● **DATA FOR PROCESSING**:
◇ ◇ ◇ ◇ ◇ ◇ ◇

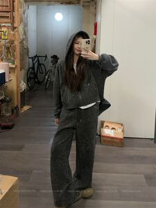 【工厂现货】螺纹抓毛秋冬套装宽松连帽条纹外套阔腿裤长裤两件套
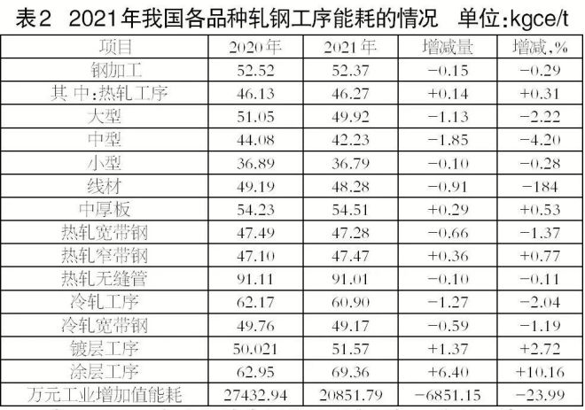 2021年鋼協會員單位各品種軋鋼工序平均能耗的情況見表2(缺少冷軋窄帶鋼項目數據)。
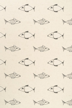Ohuehko joustamaton puuvilla-polyesterisekoitekangas hauskalla kalakuosilla. Sopii hyvin vaatetukseen, esimerkiksi mekkoihin ja paitoihin, sekä sisustukseen, vaikkapa verhoihin.
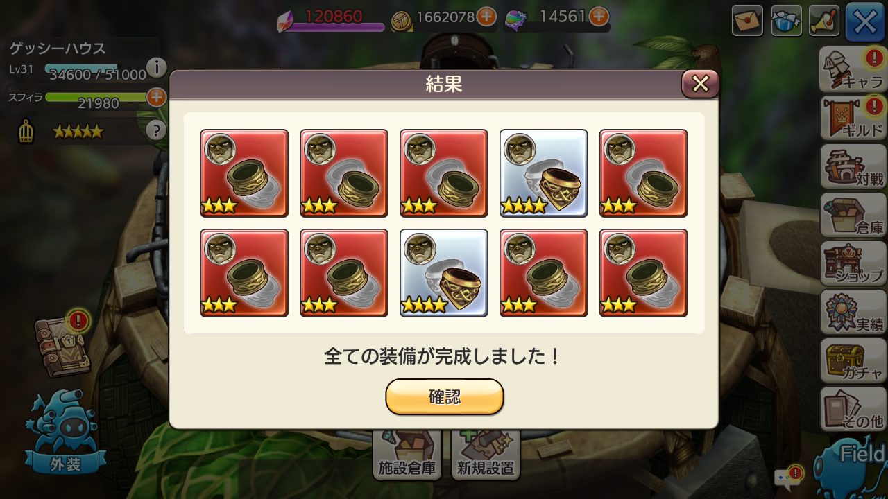 まだまだ☆5付けてないキャラも多いし、補助装備に☆5詰め込みたいし。。。
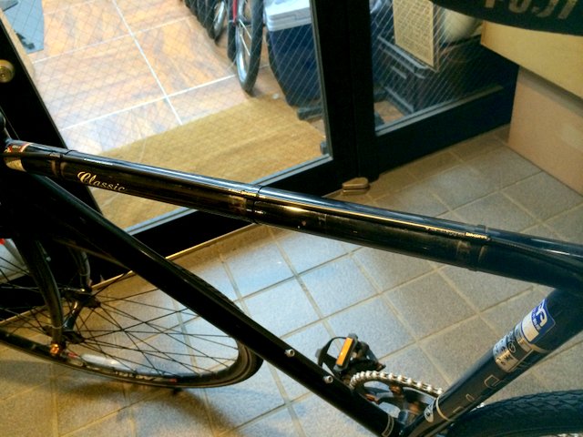 毎日の通勤で使うそうで、タイヤは耐久性を求めシュワルベマラソンへ。お客様のご要望で、ノーマルの25cから28cへとちょっと太くしました。これがギリギリ。結果ハンドルポジションと相まってマイルドな乗り心地。このユル感大好き。
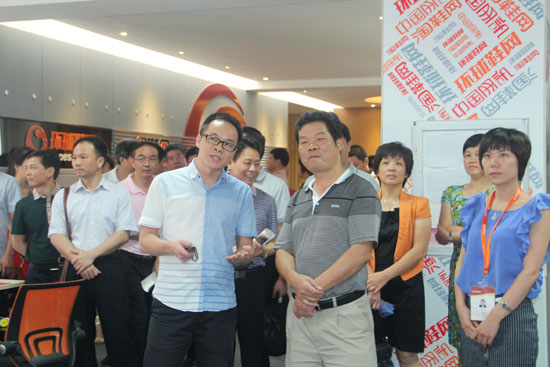 7月2日下午,福建省信息化局副局長邵玉龍等領導一行蒞臨訊網(wǎng)網(wǎng)絡視察。訊網(wǎng)網(wǎng)絡總經(jīng)理林文佳接待了考察團一行,并就企業(yè)的電子商務應用和運營情況進行了解說??疾靾F先后觀看了訊網(wǎng)網(wǎng)絡的企業(yè)文化墻和環(huán)球鞋網(wǎng)、淘鞋網(wǎng)宣傳視頻以及淘鞋網(wǎng)實時銷售展示系統(tǒng)。
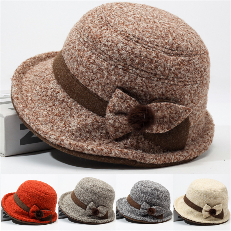 秋冬の女性の帽子の新型のニットの蝶結びの盆の帽子の屋外の保温のファッションは顔の小さい巻きの辺の漁師の帽子の潮流を現します。
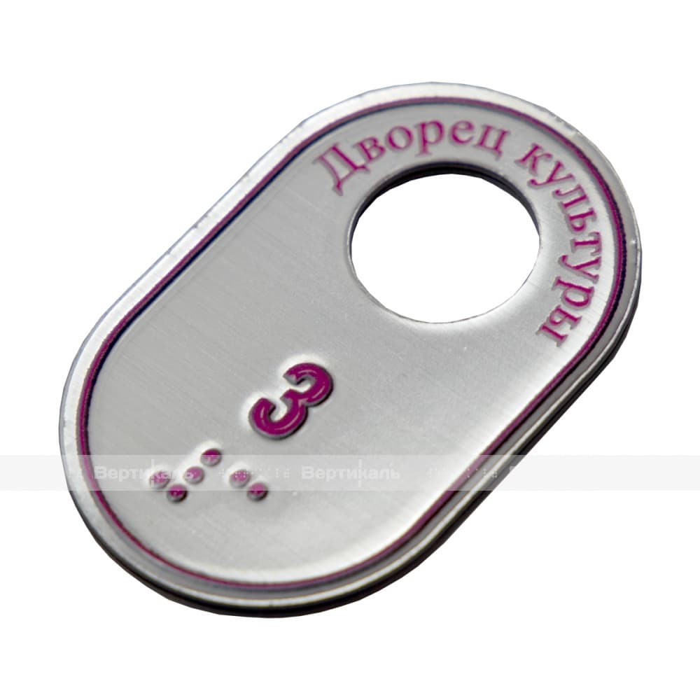 Гардеробные номерки тактильные овальной формы двусторонние на основе ABS с защитным покрытием 70х45 мм
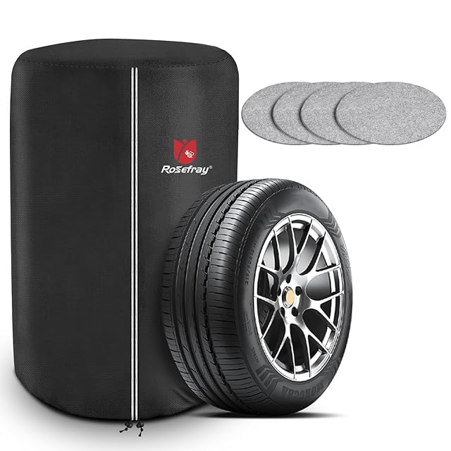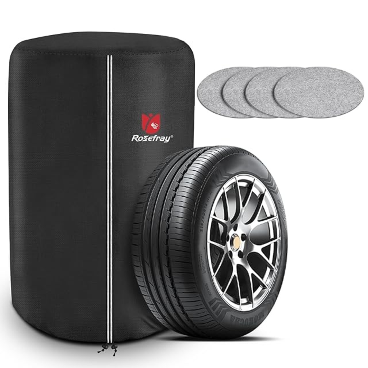 Rosefray タイヤカバー 屋外 フェルトパッド4枚付き 防水 頑丈で引き裂き抵抗 4本タイヤ保管 420D 幅65*高さ90cm 軽自動車用(12/13/14/15インチ)ブラック
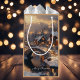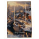 A Christmas holiday gift bag featuring a watercolor illustration of a moonlit village on a snowy night with a flowing river meandering through brightly lit stone cottages and charming stone walking bridges adorned soft glowing lanterns. Merry Christmas greeting displayed on front and back of bag. The greeting can be changed to your preference or removed altogether.
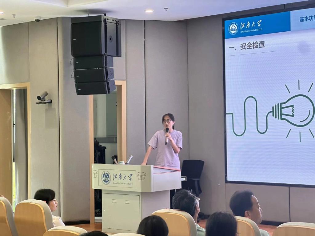活动伊始,江南大学宜兴研究生院办公室副主任倪寒冰致辞,她强调实验室安全是科研工作的基石,呼吁同学们将安全意识深植心中,全面落实安全实验的各项要求,校区办也将全力做好师生在东氿校区的保障工作。随后,上海飞域实验室设备有限公司总经理杨安兴分享实验室安全管理的前沿理念,详细讲解了实验室危化品的系统管理及应急处置流程等。无锡粒子云信息科技有限公司工程师庞丽丽进行了实验室安全管理系统的现场演示,介绍了基本功能,实验室基础信息管理和危化品管理模块。通过实际操作,为现场师生答疑解惑,解决了同学们在日常使用中可能遇到的各种问题。
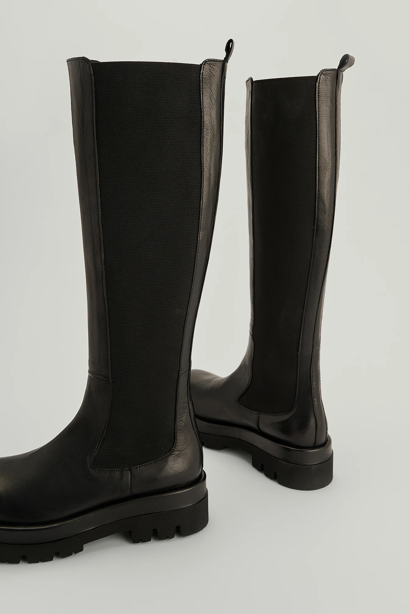 These boots are knee high and feature elasticized shafts, a rounded toe and a chunky sole. Big in size. Sole Height: 4,8 cm / 2 in. The shaft height on this boot measures 43,7 cm / 17.2 in in size 39. The shaft height might differ from size to size.
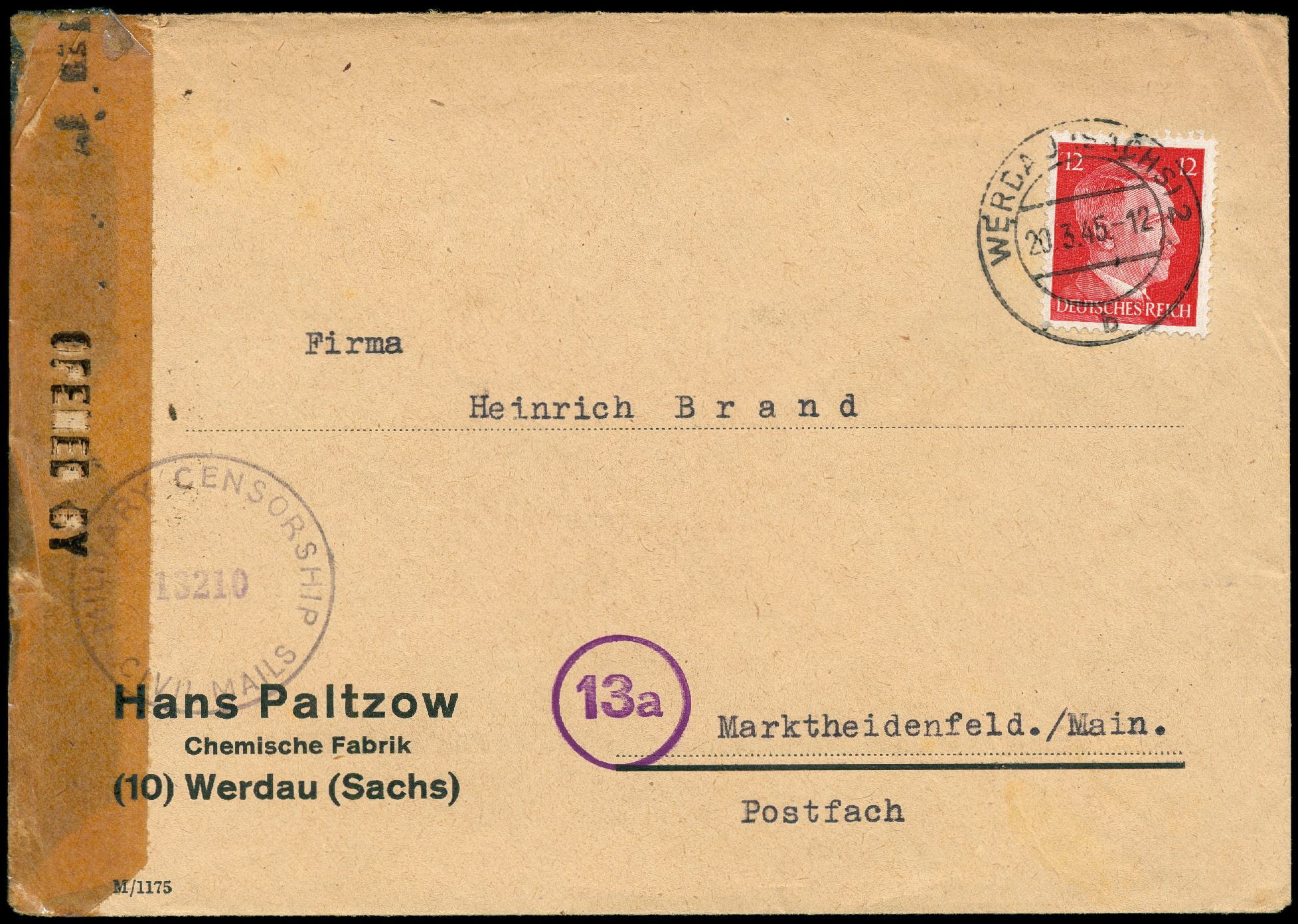 Firmenbrief mit Stempel Werdau (Sachs) 2 20.3.45 nach Marktheidenfeld, "überrollt", links Zellophanverschluß und Zensurstempel mit Nr. 13210 der US-Zensurstelle München
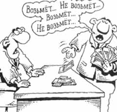 Явление это не новое, оно уходит своими корнями в дореволюционную Россию. Вспомните, как еще Петр I пытался бороться с ним, перечитайте Гоголя, Салтыкова-Щедрина, А.Н. Островского, Некрасова, Чехова. При советской власти расцвет ее пришелся на брежневский период, когда воровство из государственной казны и принятие подношений от зависимых лиц перестало считаться грехом в номенклатурной среде. Наибольшую же безнаказанность государственный аппарат ощущает сейчас, он даже придумал для себя оправдание: дескать, чиновники мало получают, потому и берут взятки. Выходит, надо повысить им зарплату? А на сколько? Потребности-то у всех разные, одному достаточно приличной квартиры, другой хочет иметь загородную виллу; один проведет отпуск в Сочи, другому подавай Канары; один покупает наряды только жене, другой, кроме того, содержит парочку любовниц, тоже охочих до подарков. Неужели же спрашивать: «Тебе, Сан Саныч, какая зарплата нужна, чтобы ты не воровал? Так. А тебе, Василь Василич?» Надо же, в конце концов, определиться!
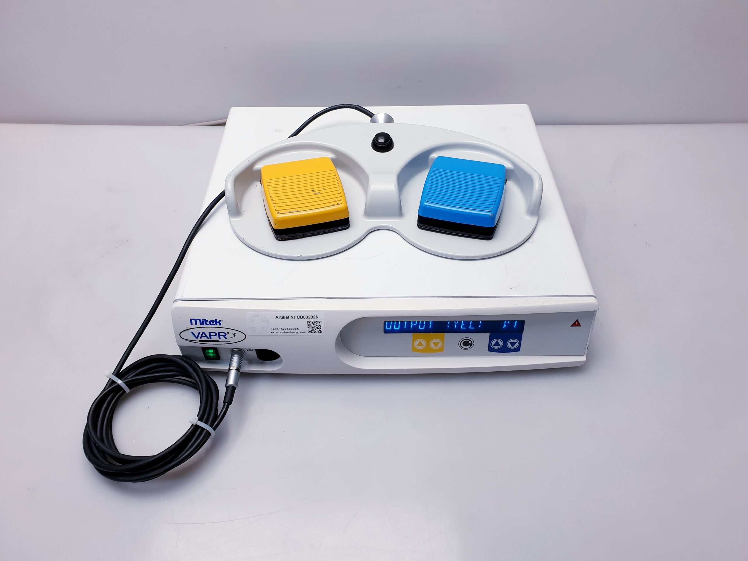 Der DePuy Mitek VAPR 3 ist ein Hochfrequenzgenerator, der in der arthroskopischen Chirurgie und anderen minimal-invasiven Verfahren eingesetzt wird. Er wird häufig zur Gewebeablation, Koagulation und zur Unterstützung bei chirurgischen Eingriffen verwendet. Hier sind einige der Hauptmerkmale und Vorteile des VAPR 3 Generators sowie der Fußsteuerung (Foot Control):
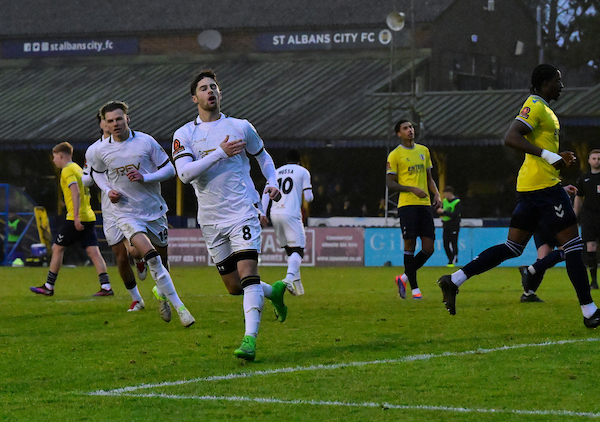 Twice the woodwork was struck – first through Dan Hayfield, then through Young, with the latter also firing wide in a one-on-one opportunity, as St Albans struggled to contain the former Yeovil wideman.
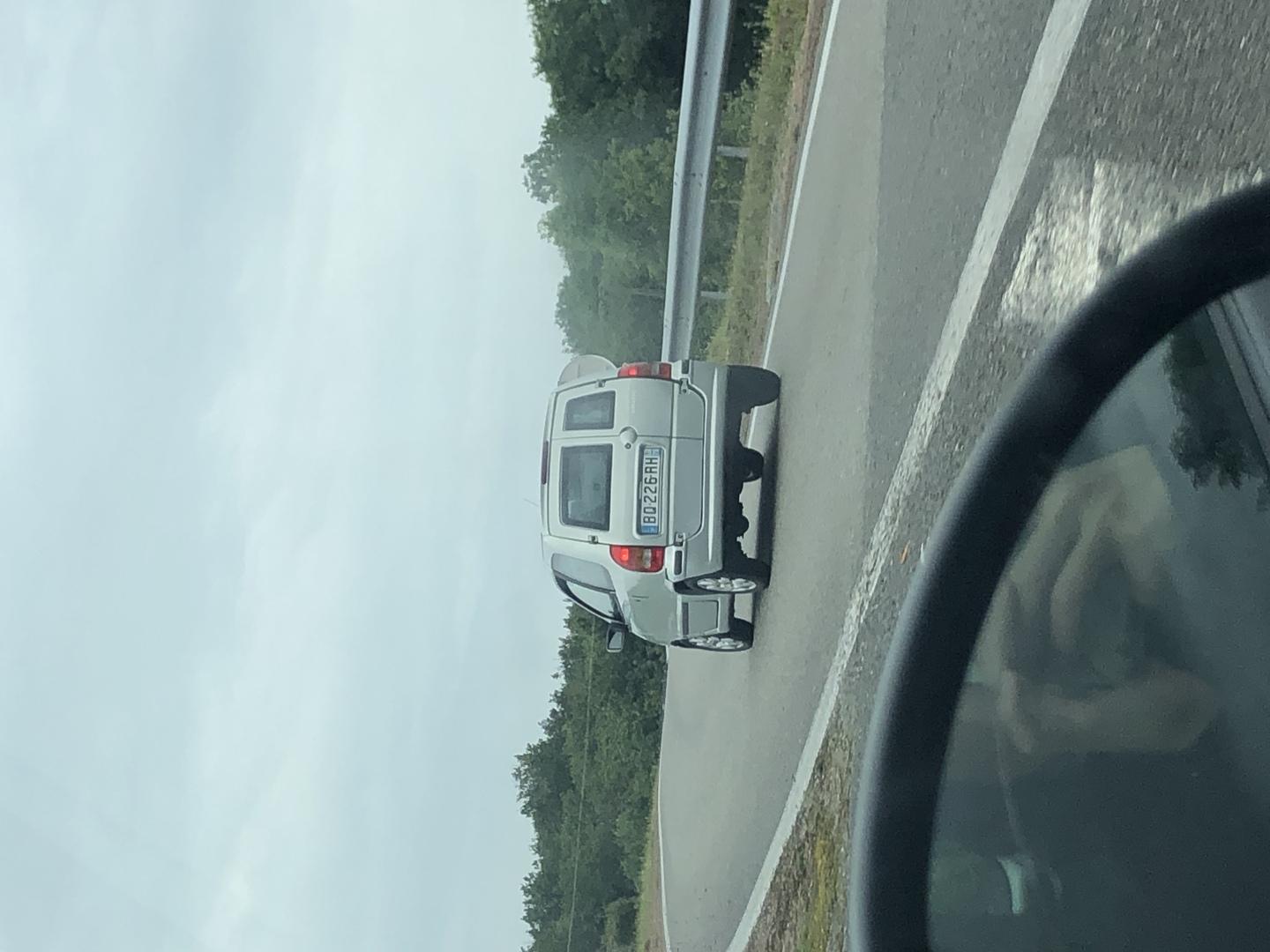 Scénic 3 qui prend des risques inconsidérables en doublant dans un village truffé de priorité à droite, en plus limité à 50km/h...n'oubliez pas que la vie peut changer en quelques mètres !!

◇ ◇ ◇ ◇ ◇ ◇ ◇

● **PROBLEM REQUIREMENTS**:
Each line above is to be transcribed exactly, though its pictures are not.

● **TASK RESPONSE**:
 【工厂现货】螺纹抓毛秋冬套装宽松连帽条纹外套阔腿裤长裤两件套
 2021年鋼協會員單位各品種軋鋼工序平均能耗的情況見表2(缺少冷軋窄帶鋼項目數據)。
Ohuehko joustamaton puuvilla-polyesterisekoitekangas hauskalla kalakuosilla. Sopii hyvin vaatetukseen, esimerkiksi mekkoihin ja paitoihin, sekä sisustukseen, vaikkapa verhoihin.
 まだまだ☆5付けてないキャラも多いし、補助装備に☆5詰め込みたいし。。。
 毎日の通勤で使うそうで、タイヤは耐久性を求めシュワルベマラソンへ。お客様のご要望で、ノーマルの25cから28cへとちょっと太くしました。これがギリギリ。結果ハンドルポジションと相まってマイルドな乗り心地。このユル感大好き。
 7月2日下午,福建省信息化局副局長邵玉龍等領導一行蒞臨訊網(wǎng)網(wǎng)絡視察。訊網(wǎng)網(wǎng)絡總經(jīng)理林文佳接待了考察團一行,并就企業(yè)的電子商務應用和運營情況進行了解說??疾靾F先后觀看了訊網(wǎng)網(wǎng)絡的企業(yè)文化墻和環(huán)球鞋網(wǎng)、淘鞋網(wǎng)宣傳視頻以及淘鞋網(wǎng)實時銷售展示系統(tǒng)。
 秋冬の女性の帽子の新型のニットの蝶結びの盆の帽子の屋外の保温のファッションは顔の小さい巻きの辺の漁師の帽子の潮流を現します。
 Гардеробные номерки тактильные овальной формы двусторонние на основе ABS с защитным покрытием 70х45 мм
 Rosefray タイヤカバー 屋外 フェルトパッド4枚付き 防水 頑丈で引き裂き抵抗 4本タイヤ保管 420D 幅65*高さ90cm 軽自動車用(12/13/14/15インチ)ブラック
 A Christmas holiday gift bag featuring a watercolor illustration of a moonlit village on a snowy night with a flowing river meandering through brightly lit stone cottages and charming stone walking bridges adorned soft glowing lanterns. Merry Christmas greeting displayed on front and back of bag. The greeting can be changed to your preference or removed altogether.
活动伊始,江南大学宜兴研究生院办公室副主任倪寒冰致辞,她强调实验室安全是科研工作的基石,呼吁同学们将安全意识深植心中,全面落实安全实验的各项要求,校区办也将全力做好师生在东氿校区的保障工作。随后,上海飞域实验室设备有限公司总经理杨安兴分享实验室安全管理的前沿理念,详细讲解了实验室危化品的系统管理及应急处置流程等。无锡粒子云信息科技有限公司工程师庞丽丽进行了实验室安全管理系统的现场演示,介绍了基本功能,实验室基础信息管理和危化品管理模块。通过实际操作,为现场师生答疑解惑,解决了同学们在日常使用中可能遇到的各种问题。
 These boots are knee high and feature elasticized shafts, a rounded toe and a chunky sole. Big in size. Sole Height: 4,8 cm / 2 in. The shaft height on this boot measures 43,7 cm / 17.2 in in size 39. The shaft height might differ from size to size.
 Firmenbrief mit Stempel Werdau (Sachs) 2 20.3.45 nach Marktheidenfeld, "überrollt", links Zellophanverschluß und Zensurstempel mit Nr. 13210 der US-Zensurstelle München
 Явление это не новое, оно уходит своими корнями в дореволюционную Россию. Вспомните, как еще Петр I пытался бороться с ним, перечитайте Гоголя, Салтыкова-Щедрина, А.Н. Островского, Некрасова, Чехова. При советской власти расцвет ее пришелся на брежневский период, когда воровство из государственной казны и принятие подношений от зависимых лиц перестало считаться грехом в номенклатурной среде. Наибольшую же безнаказанность государственный аппарат ощущает сейчас, он даже придумал для себя оправдание: дескать, чиновники мало получают, потому и берут взятки. Выходит, надо повысить им зарплату? А на сколько? Потребности-то у всех разные, одному достаточно приличной квартиры, другой хочет иметь загородную виллу; один проведет отпуск в Сочи, другому подавай Канары; один покупает наряды только жене, другой, кроме того, содержит парочку любовниц, тоже охочих до подарков. Неужели же спрашивать: «Тебе, Сан Саныч, какая зарплата нужна, чтобы ты не воровал? Так. А тебе, Василь Василич?» Надо же, в конце концов, определиться!
 Der DePuy Mitek VAPR 3 ist ein Hochfrequenzgenerator, der in der arthroskopischen Chirurgie und anderen minimal-invasiven Verfahren eingesetzt wird. Er wird häufig zur Gewebeablation, Koagulation und zur Unterstützung bei chirurgischen Eingriffen verwendet. Hier sind einige der Hauptmerkmale und Vorteile des VAPR 3 Generators sowie der Fußsteuerung (Foot Control):
 Twice the woodwork was struck – first through Dan Hayfield, then through Young, with the latter also firing wide in a one-on-one opportunity, as St Albans struggled to contain the former Yeovil wideman.
 Scénic 3 qui prend des risques inconsidérables en doublant dans un village truffé de priorité à droite, en plus limité à 50km/h...n'oubliez pas que la vie peut changer en quelques mètres !!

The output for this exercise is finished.